こんにちは、ヤコです
今日は統合失調症のご家族を持つ方々に向けた記事を書く試み第一弾です。
今まで統合失調症患者として、自分の事を、誰ともなく宛てて書いてきました。
わたしは今までの人生の半分近くを統合失調症と共に歩んできました。
家族の病気に対する無理解からの衝突、軋轢、そして歩み寄り。
今でも家族はわたしに障害者手帳を取らせなかったり、心無い言葉を発したりします。
でも、それは病気を理解していないから出た言動です。
あ、じゃぁ、理解を深めてもらえばいいんだ。
と、言うわけです
統合失調症の患者さんを家族に持った皆様、
わたしなんかの体験談ですが、なにかの参考になれば幸いです。
必ずしもすべての患者さんに当てはまる訳ではないと思いますが…。
なにから書くべきか悩みますね。
もうご存知の事とは思いますが、病気の事についてサラッと…
この病気、統合失調症は陽性症状と陰性症状がありますよね。
陽性症状は幻覚や幻聴だったり、妄想など、明らかにビミョウな感じの急性症状です。
では陰性症状ですが、これは(たしか)陽性症状で「わーっ」ってなって、暴れて疲れ切った脳みそさんが、「もー疲れた。ダメ」ってなって、思考が鈍ったり、体が思ったように動かなくなる症状です。
陰性症状は数か月以上続くこともざらです。
陽性症状の時、わたしはお薬が有効でした。
わたしは幻覚と妄想があり、こうなってるときはあまり他人の意見を聞いていませんでした。
なにしろ、脳みそさんが「わーっ」ってなってるので。
陰性症状に変わり、疲れ切った脳みそさん。
身体を動かすどころか、思考を働かすこと自体が難しかった時期です。
やっぱり家族が何か言ってるんですが、言ってることはだいたいわかるものの、
「寝てないで散歩くらいしようよ」とか
「家にいるなら簡単な家事やってみない?」とか
はっきり言って
「無理だよーん」
だって、自分の司令塔・脳みそさんが働かないんですもん。
ここもやっぱりお薬の出番です。
しかも3種類です。
お薬①…抗精神病薬
お薬②…時間と言うお薬
お薬③…家族の愛
抗精神病薬は毎日決まったものを地道に飲んでほしいです。
副作用は出ますが、諦めずに地道に飲んでほしいです。
えらい時間はかかりますが(わたしはまともに社会復帰まで6年かかってます)きっと効きます。
あと家族の愛がとっても重要です。
陽性・陰性症状がひどいとき、病気の人がほっぽられたら、のたれ死ぬ可能性すらあります。
それくらい疲れ切って、何もできない状態だからです。
確かに病気の人にイラっとくるかもしれません。
毎日寝てばかりとか、満足に動けないとか、いつも落ち込んでるとか。
でもそこは、どうか、お願いします。
大きな心と愛情で、
「お薬飲んで時間がたてば解決するさ」
と、温かく見守ってほしいです。
そして、回復して来たり、時折調子のいい時に、
「あれしたい」「これしたい」
と言ったら、出来る範囲でさせてあげてください。
人間は辛いとき、苦しいときに酷い事をされたり、言われたりしたら、生涯わすれません。

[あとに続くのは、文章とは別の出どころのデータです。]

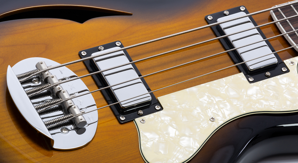 Normaler in der Konstruktion ist da der Hals. Dieser besteht aus leicht geflammtem Ahorn mit einem aufgeleimten Griffbrett aus Pau Ferro, welches eine schicke Einfassung verpasst bekommen hat. Zwanzig eher zierliche Bünde vom Typ „Vintage Spaghetti“ gibt es zu bespielen, Dots in den üblichen Lagen weisen den Weg. Während der „große“ Hollowbody noch eine ganz eigene 2/2-Kopfplatte hatte, gibt es beim HB-30 einen regulären Headstock, bei dem alle vier Hipshot-Mechaniken auf links montiert sind. Der Saitenzug ist sehr schön gerade und ein Saitenniederhalter gibt der D- und der G-Saite zusätzlichen Druck im Kunststoffsattel. Dieser ist mit 38 mm so breit wie ein normaler Jazz Bass und soll so zu einem gewohnten Spielgefühl beitragen. Mit vier Schrauben ist der Hals mit dem Korpus verbunden. Anders als bei den Klassikern, die hier meist eingeleimt waren. Die Brücke hatte ich bereits erwähnt. Ergänzend sei gesagt, dass die Saiten durchgefädelt werden müssen und die Saitenreiter für Höhe und Oktave eingestellt werden können. Der Saitenabstand beträgt feste 19 mm, was ebenfalls dazu beitragen soll, dass man sich wenig umgewöhnen muss. Die chromgekappten, in flachen Rahmen montierten Pickups sind Singlecoils mit „extended range“, wie Lakland schreibt. Aufgrund des großen Abstands zwischen Hals- und Steg-Pickup kommen fast Höfner-Vibes auf.
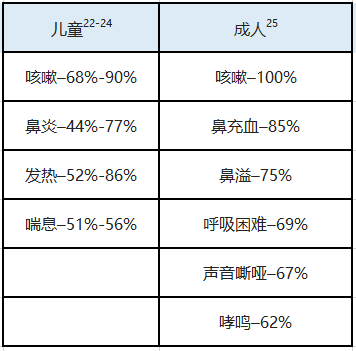 HMPV感染不僅存在于兒童,也可以影響成人,各種癥狀發(fā)生率見下表:

わたしは治療薬の副作用で、目が見えなかった時期があります。
その時両親は
「お金あげるから、病院いってきな」
と、目の見えないわたしを一人で病院に行かせました。
わたしは自転車にぶつかったり、停車中のトラックのサイドミラーに頭をぶつけたり、
電柱にぶつかって転んだり、けがをしながら一人で病院に行きました。
その後の通院は親が車で連れて行ってくれましたが、病院の駐車場で車を降りたわたしは
「しっかり歩け」
と叱りつけられ、涙が出ました。
未だにそれらの事で両親との軋轢があります。
だから、どうか病気を理解して、歩み寄ってほしいです。
もちろん、病気を看病するご家族の心のケアも重要です。
看病する側の心まで荒んでいたら、共倒れてもおかしくないので。
統合失調症の症状がひどいとき、患者が頼れる人は少ないです。
陽性症状による影響で、友人を失っている人もいます。
きっとまた普通に生活できる日はきます。
時間はかかっても。
その時まで、手をとって見守ってあげてほしいのです。